Différentes conditions atmosphériques sont susceptibles d’apporter des précipitations extrêmes dans la région alpine. (Garavaglia et al., 2010) s’est basé sur les données instrumentales de pluviométrie françaises (entre 1953-2005) pour définir les deux grands types de conditions synoptiques pouvant apporter des précipitations au printemps et en automne. Les précipitations les plus fortes sont favorisées par des apports d’ouest provenant de l’Atlantique. Le régime de précipitation Méditerranéen, provoque des précipitations intenses autour du sud des Alpes. Toutefois, la majeure partie de l’été est régie par des conditions anticycloniques, favorisant les précipitations localisées de type orage convectif (Durand et al., 2009; Gottardi et al., 2012). Des configurations similaires d’apports ont été identifiées dans les Alpes suisses à partir de données instrumentales (Schmocker-Fackel and Naef, 2010). Par exemple, la période 1950-1960 à la Muzelle présente une augmentation des crues non perceptible dans les fréquences de crues au lac du Lauvitel ou dans les archives historiques. Elle est toutefois synchrone avec l’occurrence de crues en Suisse, dont les régimes sont dominés par des flux de sud-ouest. La fréquence de crues des deux lacs augmente entre 1970- 1980 et 2000-2010, qui dans les Alpes suisses se traduisent par des flux d’humidité provenant majoritairement du nord-ouest (Schmocker-Fackel and Naef, 2010). De plus, la crue de 1928 a été identifiée comme un flux de sud provenant de la méditerranée (Pardé, 1929).

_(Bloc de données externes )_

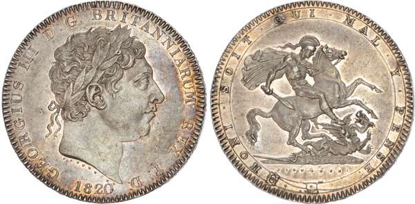 George III (1760-1820), Crown, 1820 LX, laureate bust right, rev. St George and Dragon within Garter, ( S.3787; Bull 2016; ESC 219). Good extremely fine, attractively toned with underlying mint brilliance.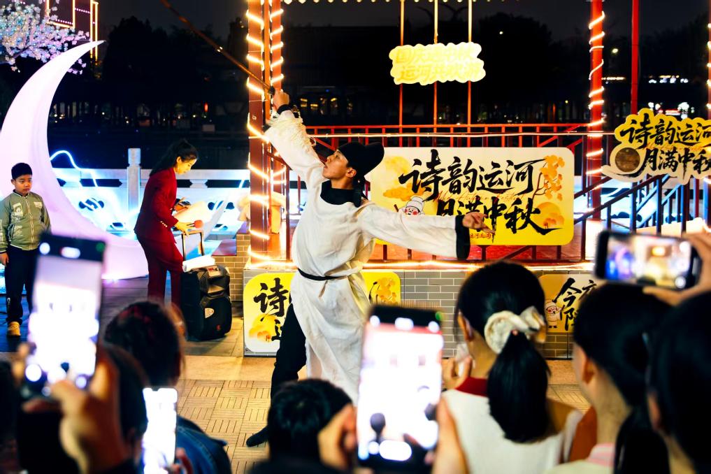 在济宁市任城区“运河记忆”历史文化街区,演职人员正在表演。(受访者供图)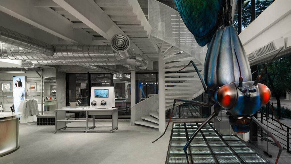 พื้นที่ขนาด 5,032 ตารางฟุต บน 2 ชั้น ได้แรงบันดาลใจจากไลน์การผลิตและเวิร์กช็อปยุค 70s เปลี่ยนเอกลักษณ์ดีไซน์ของ Nothing ให้กลายเป็นพื้นที่ที่มีชีวิตและมีส่วนร่วมจริง ๆ ใจกลางของร้านคือ “การแสดงตัวตน” ที่นี่คือที่เดียวในโลกที่ลูกค้าสามารถปรับแต่งสินค้า Nothing ให้เป็นสไตล์ของตัวเองได้ พร้อมสตูดิโอสำหรับครีเอเตอร์ ใช้ถ่าย unboxing หรือทำคอนเทนต์แบบลงมือจริง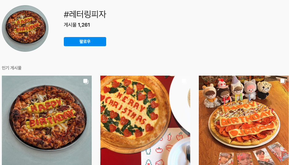 이런 점에서 커스터마이징된 제품은 케이크뿐만 아니라 식품 전반으로도 퍼져나가고 있는 것 같습니다. 예를 들어 원하는 문구를 피자에 새겨주는 레터링 피자집이 곳곳에 생기고 있는데요. 레터링 케이크만큼 아직 알려지지는 않았지만, 피자라는 간단한 음식을 특별하게 경험할 수도 있고, 생소해서 더 재미도 있어요. 물론 SNS에 인증샷을 올리기도 좋고요!
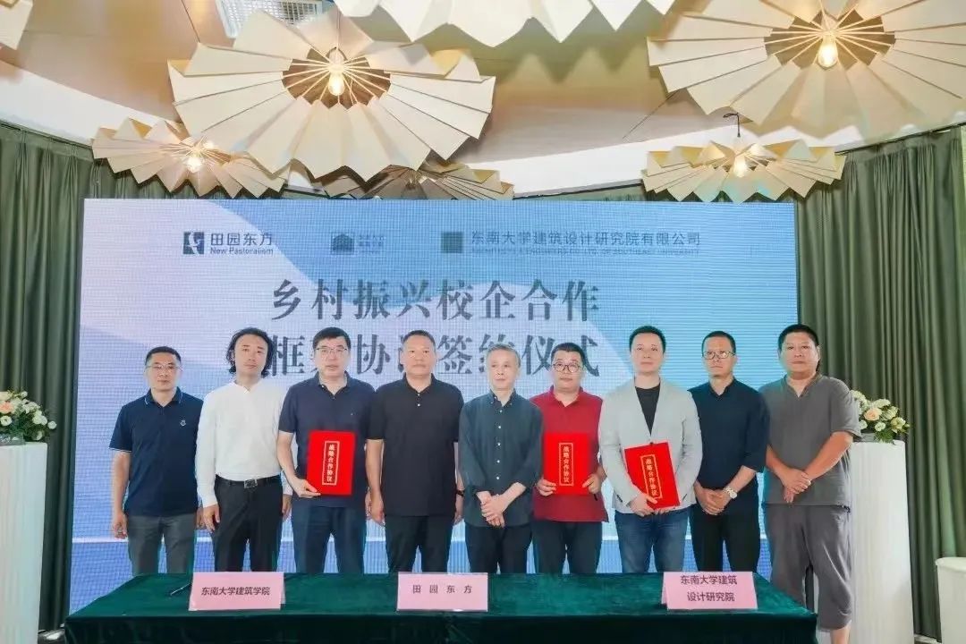 2022年9月4日,由万博manbetx官网 、东南大学建筑设计研究院、田园东方研究院共同主办的“东大建筑-田园东方乡村发展产学研交流会”在南京田园东方稼圃集举行,三方共建“东大建筑-田园东方乡村振兴产学研基地”同时揭牌。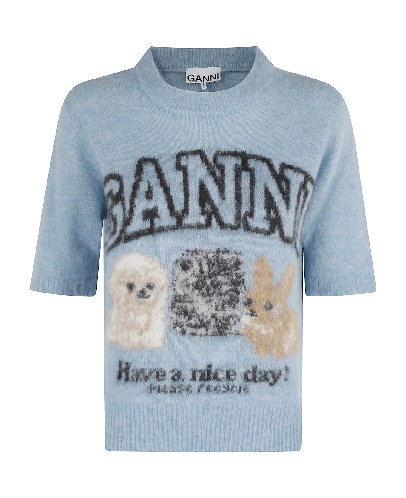 Alpaca Puppies Sweater - Ganni - light blue color - alpaca knitting - crew neck - half sleeves - front design - ribbed trim - regular fit

Les événements de crues enregistrés dans les lacs au nord des Alpes françaises se sont révélés plus sensibles aux apports d’humidité provenant de l’ouest et aux événement convectifs locaux (Wilhelm et al., 2012a, 2013). Au contraire, les lacs au sud des Alpes sont plus influencés par les flux provenant du sud (Wilhelm et al., 2012b). Il semble donc que les deux types de flux influencent la région de l’Oisans, située à l’interface entre les Alpes du nord et du sud françaises. Les événements de pluies convectives plus localisées contribuent aussi à l’occurrence des

précipitations extrêmes (Frei et al., 2000). Sur la période de temps du dernier siècle, il est donc difficile d’en dégager une tendance pour les deux lacs de la Muzelle et de Lauvitel.